I normally shun NaNo because I don't have self-discipline (or ideas for longer fics) and do have chronic health issues. I avoid gift-work exchanges, because I'm always afraid that I'll fail and let someone down.
However, this year, I have two long-form fics I want to work on, and I have definite plans for them. So perhaps this will help me with motivation, although LHAD has foundered for so many years I don't know if I can ever revive it. But I wish I could.
Dreamwidth or OpenID: Auronlu (although my first project is on my Who fandom blog.) I'm still a little uneasy about linking up my different fandom handles, so I'm not sure how I'm going to handle that project. I'll worry bout that when I have something to post.

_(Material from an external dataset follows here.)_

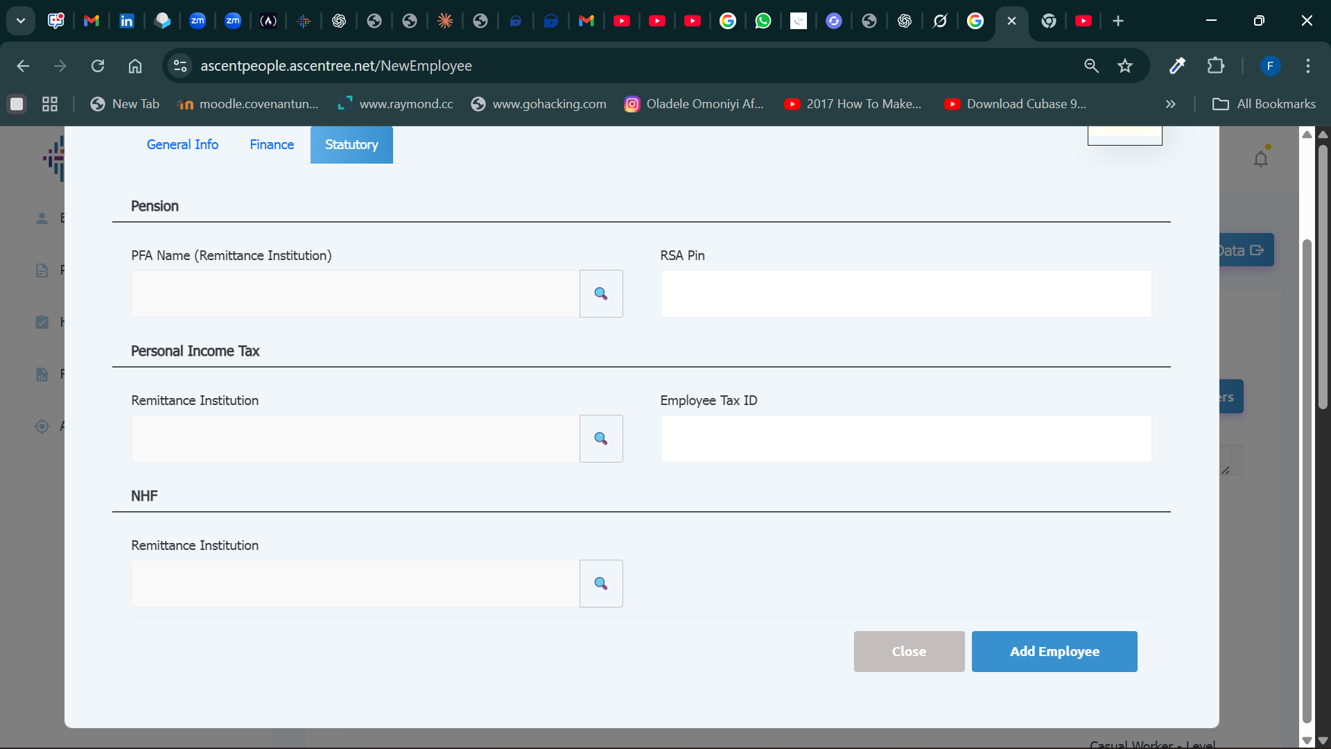 This tab consists of 3 sections: Pension, Personal Income Tax and NHF.

Livejournal: auronlu but largely moribund
Tumblr: Auronlu
Pledge: 75K Light
Statement of writing goals: 1. Write High Hierophant from start to finish, post. (Right now it's in the planning stages with about 3200 words of draft.) 2. Write and post 100 reviews on VHSWhovian. (This is one fandom project that's going along tickety-boo.) 3. Work on LHAD, using the plot structuring/organization tools I'm learning via Story Engineering.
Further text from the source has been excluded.